Risks of Future Inflation under Trump
The potential policies under a Trump presidency are perceived to carry significant inflationary risks, particularly given the intentions to maintain tax cuts and implement new tariffs. Summers warns that such policies may exacerbate inflation pressures, especially if they lead to labor shortages and increased import costs. The historical parallels drawn to Nixon's presidency underscore the risk of populist economic strategies that could undermine the Federal Reserve's independence and the overall credibility of inflation control measures. The current market conditions indicate a precarious balancing act, where any significant economic missteps could ignite fears of a return to higher inflation, necessitating caution and vigilance from policymakers.
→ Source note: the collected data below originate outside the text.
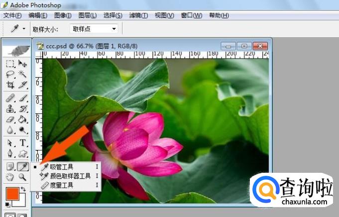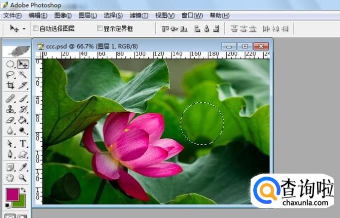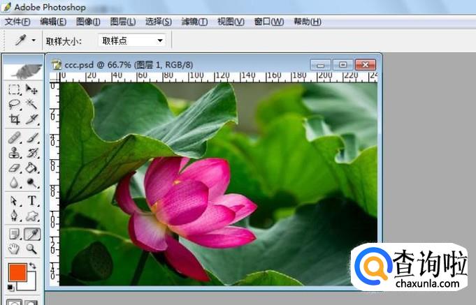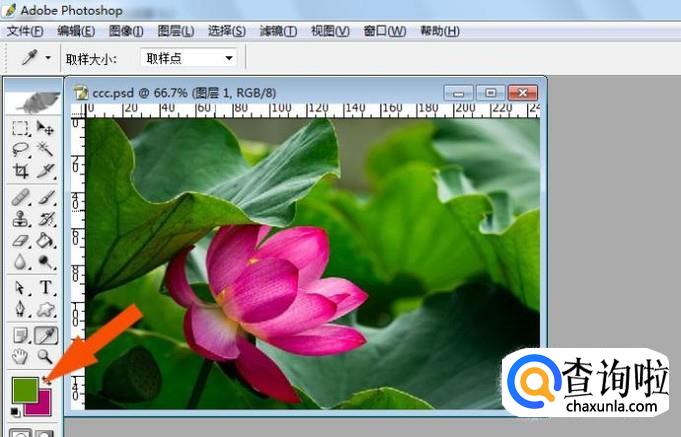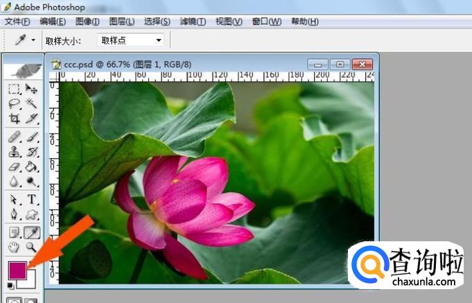 然后,把鼠标移动到图片上,在荷花图形的区域,单击选取颜色,可看到前景色改变为所选取的颜色,前景色为粉红色了,如下图所示。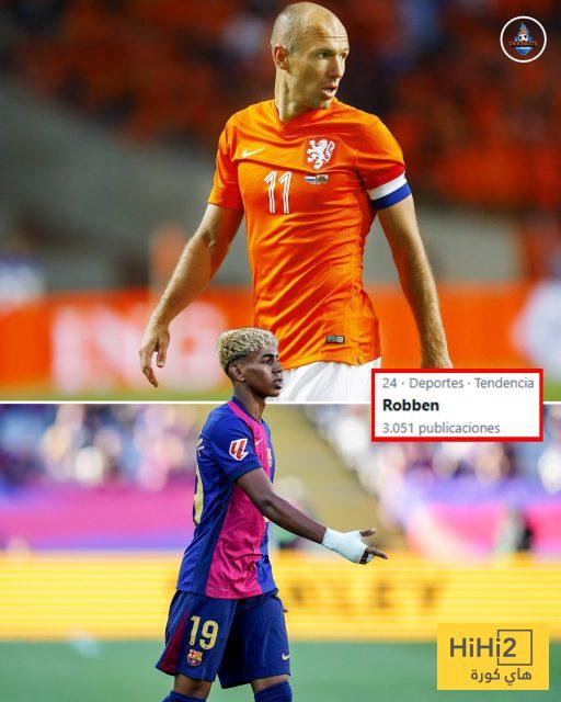 هدف لامين جعل الجماهير تتحدث على منصة إكس عن وجه التشابه بينه وبين روبين في تسجيل الأهداف لذلك تصدر الهولندي خانة الترند في العالم حاليا.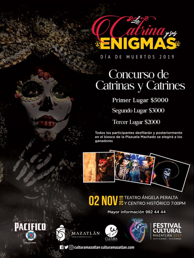 Se realizara un concurso de Catrinas y Catrines por parte de cultura Mazatlán con un premio de 5,000 pesos para el primer lugar. Necesitas inscribirte previamente en el Instituto de Cultura y el día 2 de noviembre presentarse en el Patio Central de Palacio Municipal a las 7:00 pm con Gabriela Hernandez.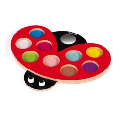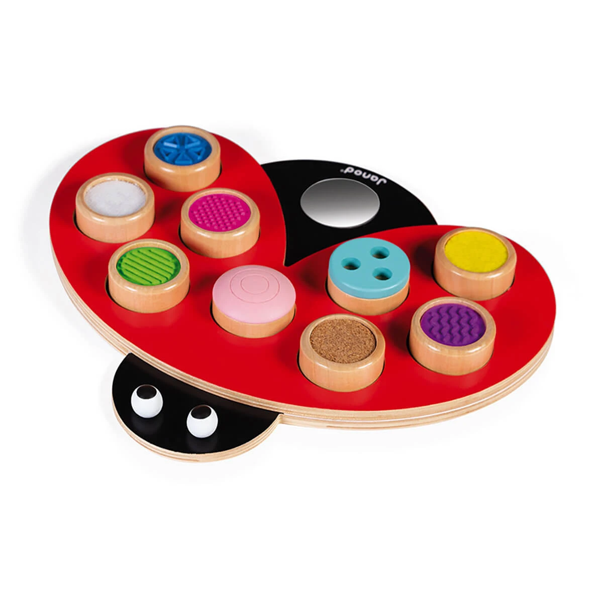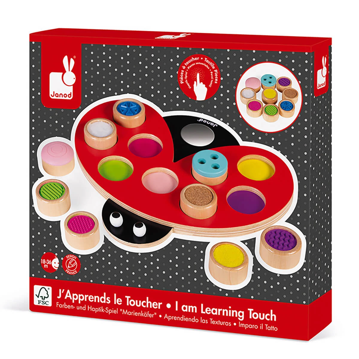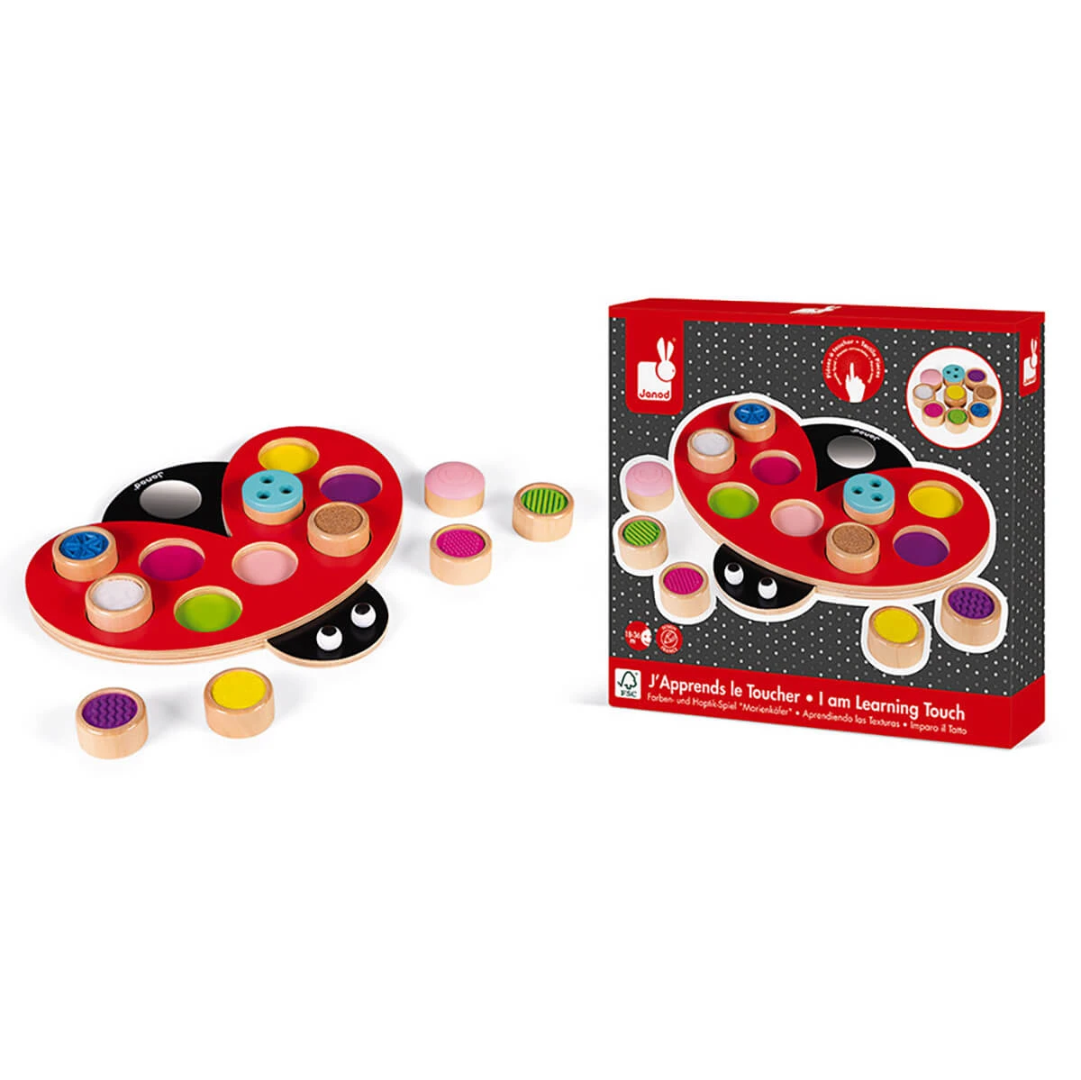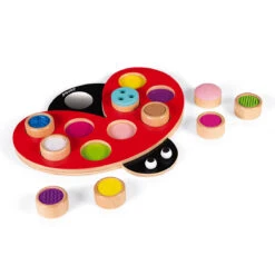 I Am Learning Touch: Coccitouch ladybird sensory toy by Janod.  This little ladybug is ideal for helping your child to develop their sense of touch. The 9 round pieces have different textures (relief, wood etching, cork, felt and velcro) that will provide your child with endless fun. As an added bonus, it can also help little one associate the colours of the round pieces with the spots on the ladybug, and they can also look at themselves in the mirror.

The US has just overcome one abrupt spike in inflation, which may have cost Kamala Harris her bid for the presidency. But now President-elect Donald Trump’s policy agenda threatens to cause another one. That’s according to Larry Summers, the former US Treasury Secretary and President Emeritus of Harvard University. He speaks to the FT’s Martin Wolf – who is standing in for Soumaya Keynes while she is on maternity leave – about the risks to economic stability posed by Trump’s proposed tax cuts, trade tariffs and mass expulsion of illegal immigrants, as well as his threats to the rule of law.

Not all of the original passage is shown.